Of the 15,571 patients hospitalized with COVID-19 during the study period, 6% were fully vaccinated, 7% were partially vaccinated, and 87% were unvaccinated. For full vaccination, the estimated VE against hospitalization during the Alpha period was 94% overall (95% CI: 93% to 95%) and was consistently high across all three age groups. The estimated VE against hospitalization during the Delta period was 95% (94% to 95%) and also above 90% across age groups. Estimated VE against hospitalization by vaccine during the Delta period was as follows: Pfizer 96% (95% to 96%), Moderna 84% (80% to 87%), AstraZeneca 94% (92% to 95%), and Janssen 91% (88% to 94%). Estimated VE against ICU admission was generally slightly higher than that for hospitalization across categories of age, vaccine, time since vaccination, and viral variant period.

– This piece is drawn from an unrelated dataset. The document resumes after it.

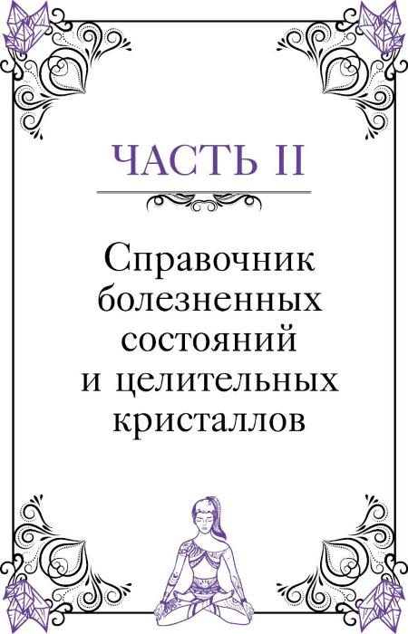Очень простая, но эффективная схема заключается в том, чтобы поместить очищенные и активированные кристаллы над каждой из ваших чакр. С помощью гадания или интуиции вы можете определить, какие кристаллы подходят и какие из малых чакр необходимо задействовать (см. рис. 1 «Кристаллы и чакры»). Начните снизу и положите один из камней под ногами, затем медленно ложитесь и поместите другой кристалл между ног, раскладывайте камни на чакрах, двигаясь вверх по телу. Наконец, положите один или несколько кристаллов над головой. Полежите неподвижно около пятнадцати минут, а потом соберите кристаллы в обратном порядке – начиная с одного (или нескольких) над головой. Когда вы дойдете до кристалла под ногами, задержитесь на нем руками, чтобы заземлить энергию, прежде чем встать.

There was no evidence of waning VE in any age group up to 20 weeks after full vaccination.

Study Strengths

Linkage of national hospitalization and vaccination registries allowed for a full nationwide cohort analysis of vaccine effectiveness and a comparison of vaccine effectiveness across age and vaccine cohorts.

Limitations

Vaccine allocation was nonrandom; for example, the authors noted that the Moderna vaccine was provided to medically high-risk patients, which may explain the lower apparent VE for that vaccine relative to the other vaccines. Furthermore, individuals who received the Pfizer and Moderna vaccine received the doses with a median interval of five weeks, which is longer than the intervals tested in their clinical trials (three and four weeks respectively), but may have implications for long-term effectiveness. Additionally, other than age, no information on patient characteristics or comorbidities were available, so unmeasured confounding is likely. There were few hospitalizations in several strata, limiting precision of estimates. An unknown proportion (likely around 7%) of vaccinated individuals did not consent to CIMS registration, and the resulting misclassification would result in overestimation of VE. However, a sensitivity analysis showed minimal impact on VE estimates. The population at risk included people with prior SARS-CoV-2 infection, which may have also led to bias if prior infection was associated with both vaccination status and hospitalization. Finally, COVID-19 hospitalization may have included some people who were hospitalized for other reasons but who incidentally tested positive for SARS-CoV-2, which may have led to a slight bias in an unknown direction.

Value added

This study is one of the first nationwide cohort studies to estimate vaccine effectiveness in the era of dominance of the Delta strain of SARS-CoV-2.